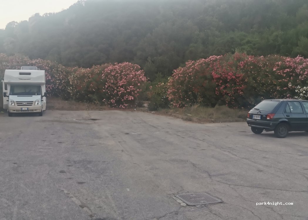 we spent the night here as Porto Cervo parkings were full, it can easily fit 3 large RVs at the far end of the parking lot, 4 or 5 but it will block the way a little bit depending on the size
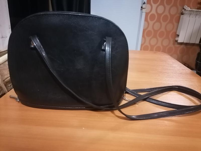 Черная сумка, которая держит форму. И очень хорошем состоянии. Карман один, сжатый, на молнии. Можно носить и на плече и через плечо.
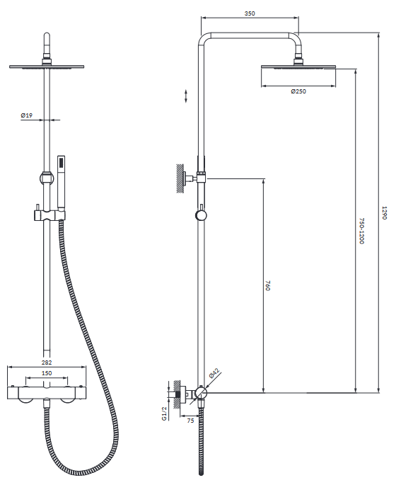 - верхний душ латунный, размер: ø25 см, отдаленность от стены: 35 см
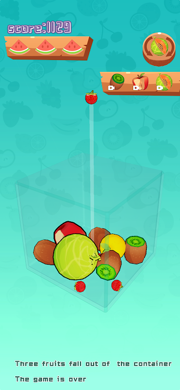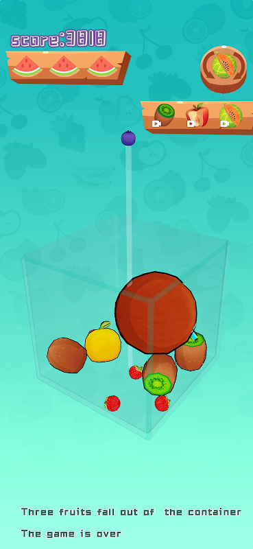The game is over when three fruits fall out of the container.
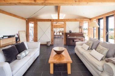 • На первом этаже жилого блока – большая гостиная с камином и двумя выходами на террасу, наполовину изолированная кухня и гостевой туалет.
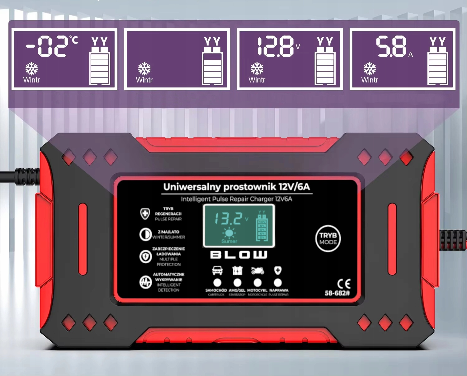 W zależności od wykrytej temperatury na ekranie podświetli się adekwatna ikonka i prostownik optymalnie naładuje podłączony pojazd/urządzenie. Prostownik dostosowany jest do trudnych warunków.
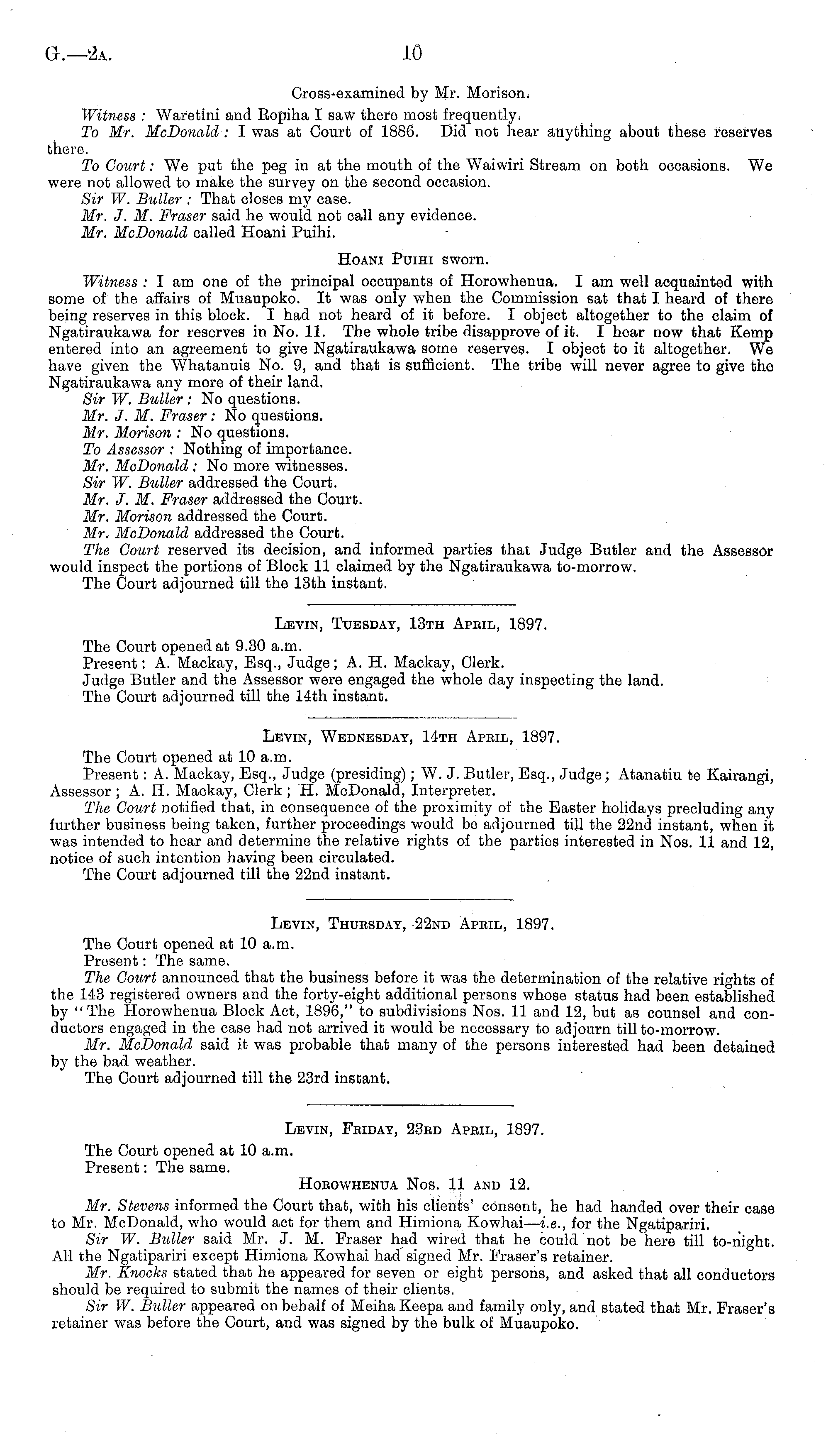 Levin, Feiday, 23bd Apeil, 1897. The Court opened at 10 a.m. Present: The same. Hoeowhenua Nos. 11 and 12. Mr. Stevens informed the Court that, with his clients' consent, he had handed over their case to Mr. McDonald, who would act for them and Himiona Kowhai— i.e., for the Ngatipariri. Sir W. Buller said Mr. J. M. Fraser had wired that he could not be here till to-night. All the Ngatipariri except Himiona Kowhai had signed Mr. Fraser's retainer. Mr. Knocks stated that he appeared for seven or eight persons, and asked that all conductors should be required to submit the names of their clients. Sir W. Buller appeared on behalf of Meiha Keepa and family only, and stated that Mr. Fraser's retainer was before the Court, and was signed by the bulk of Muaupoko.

****************************************

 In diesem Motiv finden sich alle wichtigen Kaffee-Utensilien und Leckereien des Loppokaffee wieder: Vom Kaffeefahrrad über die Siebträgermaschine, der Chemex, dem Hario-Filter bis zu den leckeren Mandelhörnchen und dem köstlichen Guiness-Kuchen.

****************************************

**WHAT YOU WILL DO**
Using the entries above, write out exactly the lines from the one with "we spent the" through the one with "- верхний душ", ends included. Leave out any pictures.

**ANSWER TO THE EXERCISE**
 we spent the night here as Porto Cervo parkings were full, it can easily fit 3 large RVs at the far end of the parking lot, 4 or 5 but it will block the way a little bit depending on the size
 Черная сумка, которая держит форму. И очень хорошем состоянии. Карман один, сжатый, на молнии. Можно носить и на плече и через плечо.
 - верхний душ латунный, размер: ø25 см, отдаленность от стены: 35 см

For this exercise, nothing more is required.